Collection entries
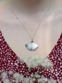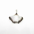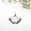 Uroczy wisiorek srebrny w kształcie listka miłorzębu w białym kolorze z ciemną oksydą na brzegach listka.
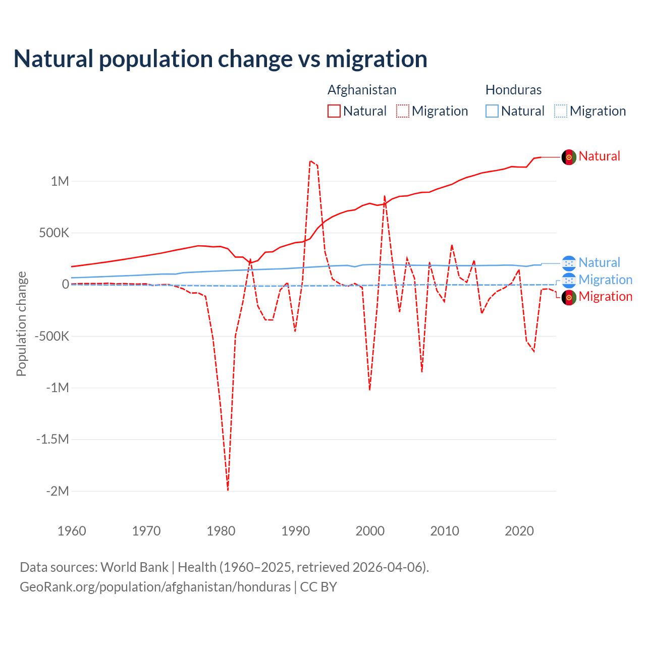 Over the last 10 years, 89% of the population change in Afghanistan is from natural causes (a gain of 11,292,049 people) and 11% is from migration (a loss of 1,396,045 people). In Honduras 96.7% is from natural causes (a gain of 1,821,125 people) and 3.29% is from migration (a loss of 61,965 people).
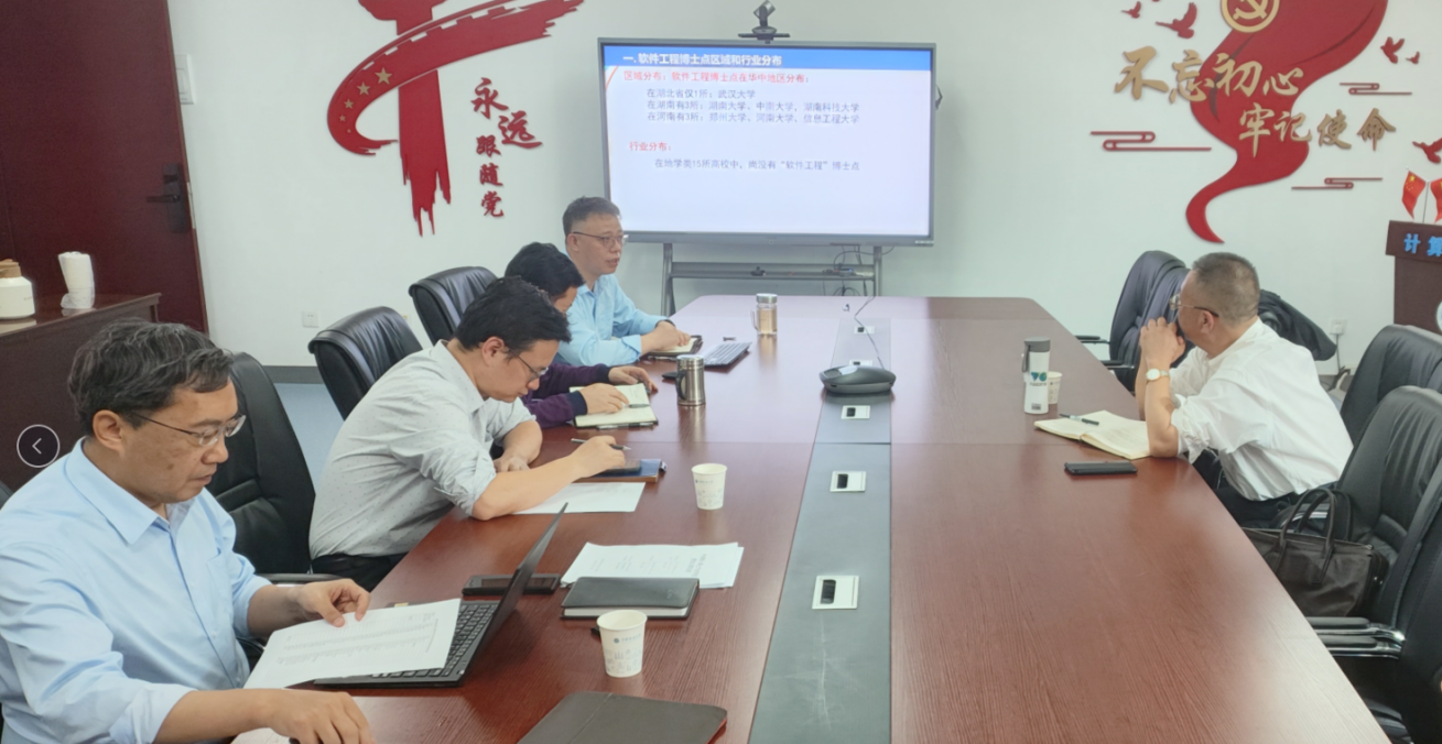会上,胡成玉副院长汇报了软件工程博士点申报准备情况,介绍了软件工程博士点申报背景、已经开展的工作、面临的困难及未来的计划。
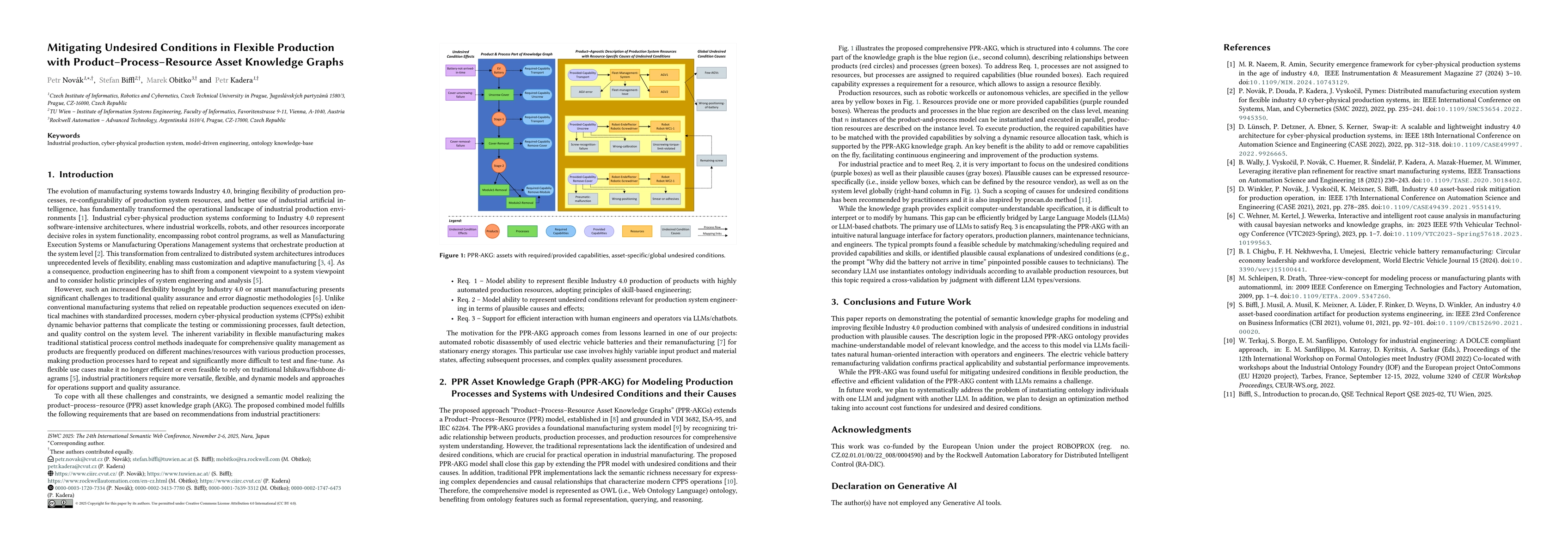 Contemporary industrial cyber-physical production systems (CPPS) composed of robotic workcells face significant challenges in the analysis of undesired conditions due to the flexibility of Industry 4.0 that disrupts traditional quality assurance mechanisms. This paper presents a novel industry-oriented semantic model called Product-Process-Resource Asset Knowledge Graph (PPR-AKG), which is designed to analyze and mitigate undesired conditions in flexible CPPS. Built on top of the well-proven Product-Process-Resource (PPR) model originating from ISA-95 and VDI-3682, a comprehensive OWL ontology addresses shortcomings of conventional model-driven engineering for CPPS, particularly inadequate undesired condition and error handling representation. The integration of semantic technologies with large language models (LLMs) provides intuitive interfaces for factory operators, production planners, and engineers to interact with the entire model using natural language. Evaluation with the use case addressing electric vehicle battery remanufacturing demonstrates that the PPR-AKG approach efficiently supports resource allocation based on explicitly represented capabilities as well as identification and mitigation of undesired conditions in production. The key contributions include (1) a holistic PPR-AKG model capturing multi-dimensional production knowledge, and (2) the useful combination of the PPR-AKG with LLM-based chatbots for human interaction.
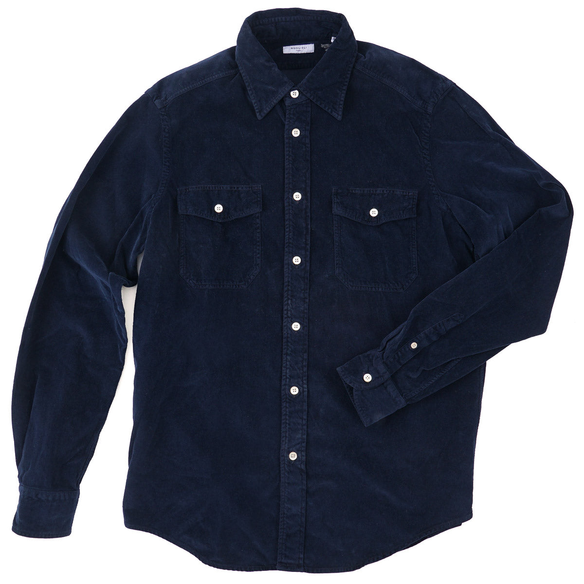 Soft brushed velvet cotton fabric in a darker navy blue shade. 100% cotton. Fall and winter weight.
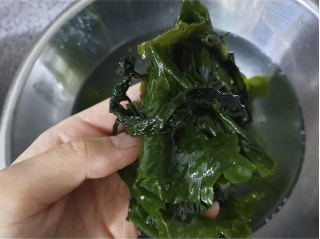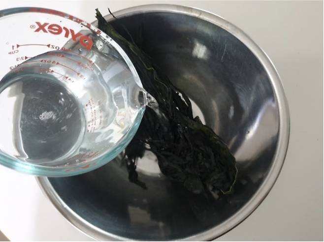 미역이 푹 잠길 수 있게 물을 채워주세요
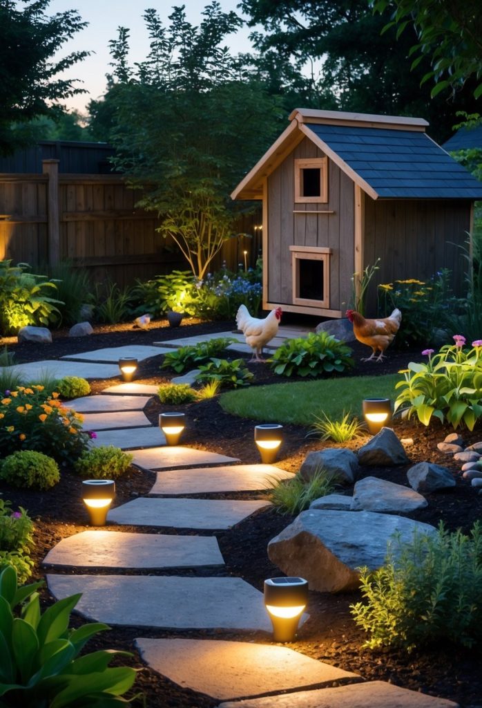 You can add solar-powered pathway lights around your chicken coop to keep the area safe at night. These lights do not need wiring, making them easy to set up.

## Task requirements
All lines from the one containing "미역이 푹 잠길 수 있게 물을 채워주세요" to the end of the entries should appear in the output exactly as written, with no pictures.

## Written solution
 미역이 푹 잠길 수 있게 물을 채워주세요
 You can add solar-powered pathway lights around your chicken coop to keep the area safe at night. These lights do not need wiring, making them easy to set up.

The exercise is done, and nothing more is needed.